▽

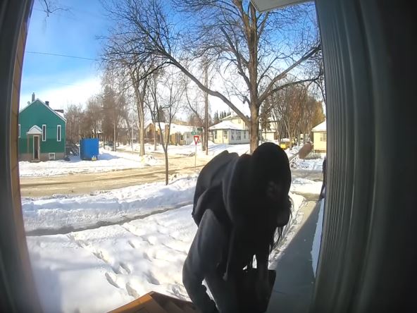 Na snimku se vidi žena kako prolazi ispred kuće u Edmontonu na čijem ulazu je bio ostavljen paket.
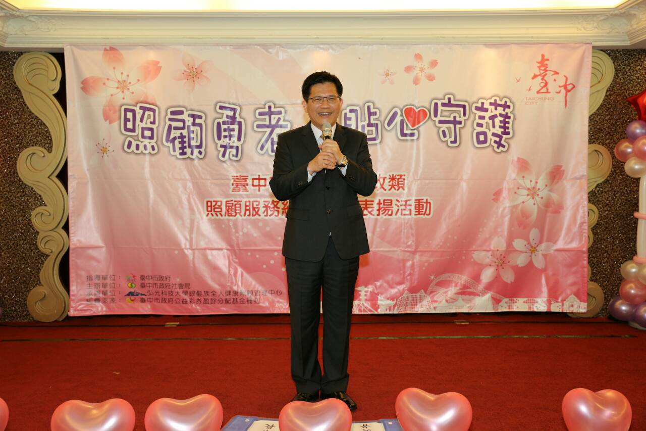 台中市政府今(17)日在舉行「104年社政類照顧服務績優人員表揚大會」,由市長林佳龍頒獎表揚60位表現績優的照顧服務員及督導員。他表示,照顧服務是一項非常辛苦的工作,感謝照服員愛心、細心、耐心地服務失能長輩及身心障礙者,讓家屬減輕照顧壓力與負荷。
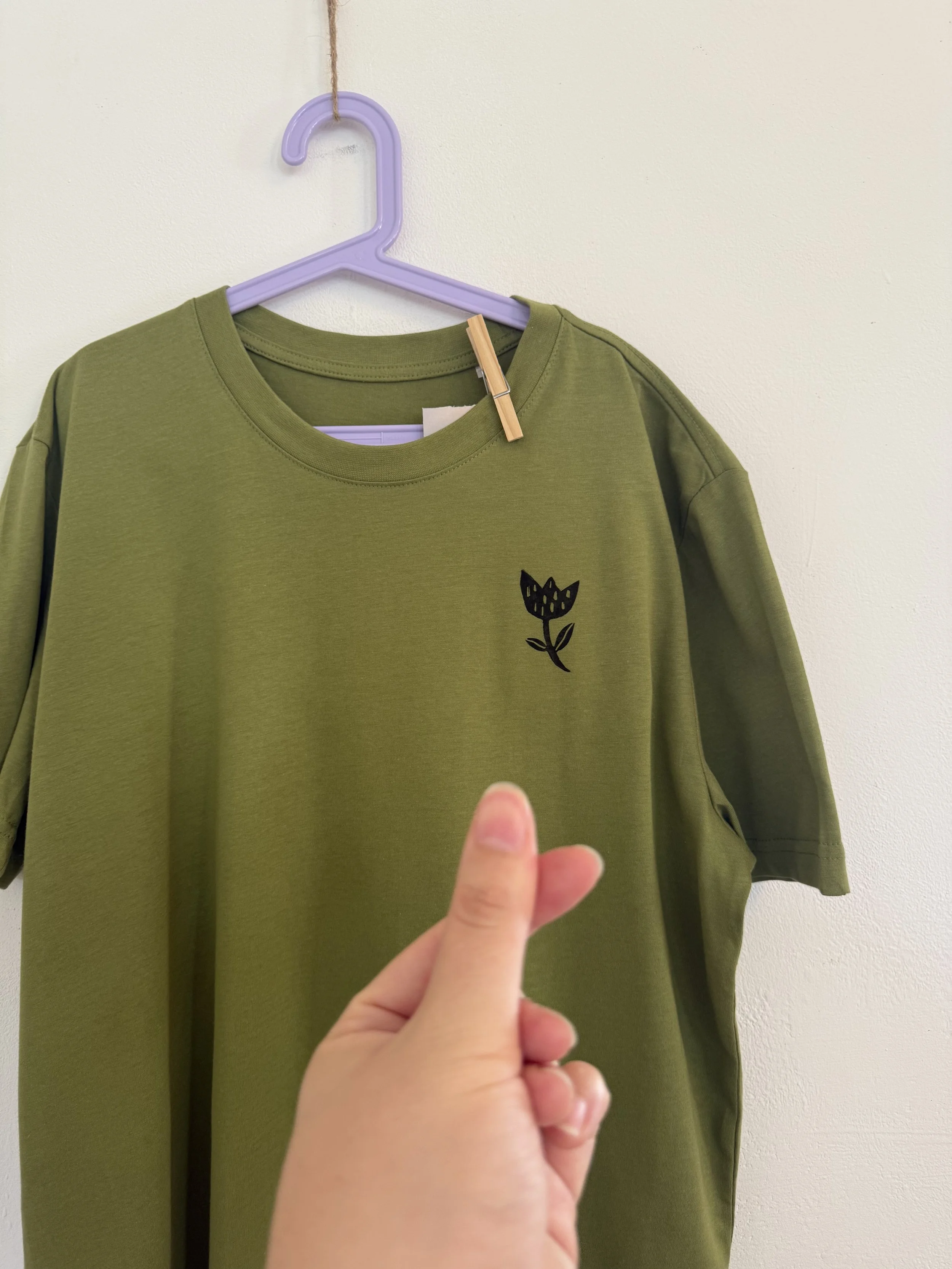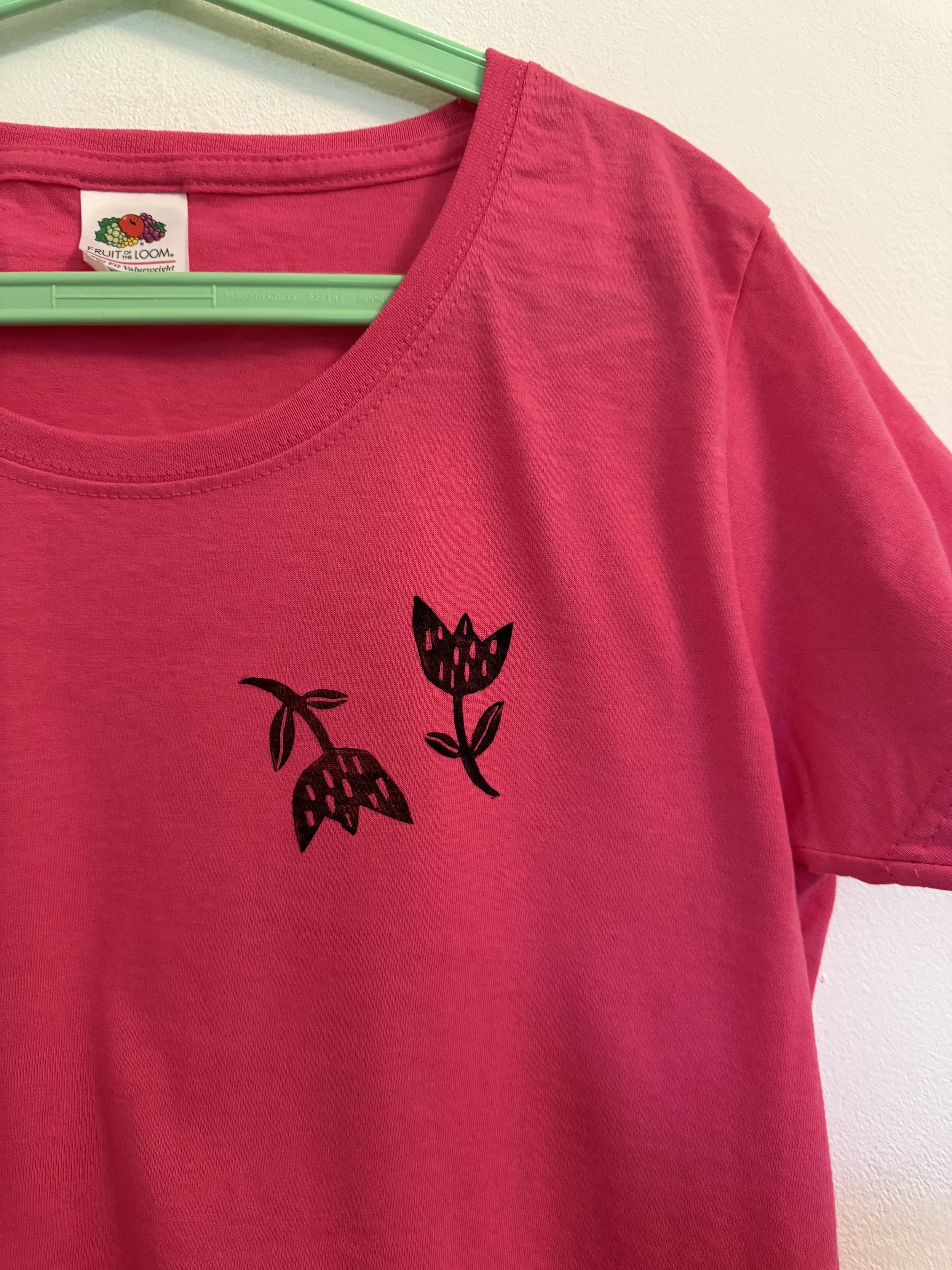 Création de motif et impression à la main par sérigraphie ou linogravure. J'utilise des encres végétales de ma fabrication, ou des encres à l'eau certifiées (Oekotex/GOTS) . Pour les design qui le nécessitent, je travaille également avec des professionnels de l'impression digitale écologique, avec faible consommation d'eau et encres certifiées.

△

Repeat the data above word for word, without pictures.

- [TASK SOLUTION]:
 Na snimku se vidi žena kako prolazi ispred kuće u Edmontonu na čijem ulazu je bio ostavljen paket.
 台中市政府今(17)日在舉行「104年社政類照顧服務績優人員表揚大會」,由市長林佳龍頒獎表揚60位表現績優的照顧服務員及督導員。他表示,照顧服務是一項非常辛苦的工作,感謝照服員愛心、細心、耐心地服務失能長輩及身心障礙者,讓家屬減輕照顧壓力與負荷。
 Création de motif et impression à la main par sérigraphie ou linogravure. J'utilise des encres végétales de ma fabrication, ou des encres à l'eau certifiées (Oekotex/GOTS) . Pour les design qui le nécessitent, je travaille également avec des professionnels de l'impression digitale écologique, avec faible consommation d'eau et encres certifiées.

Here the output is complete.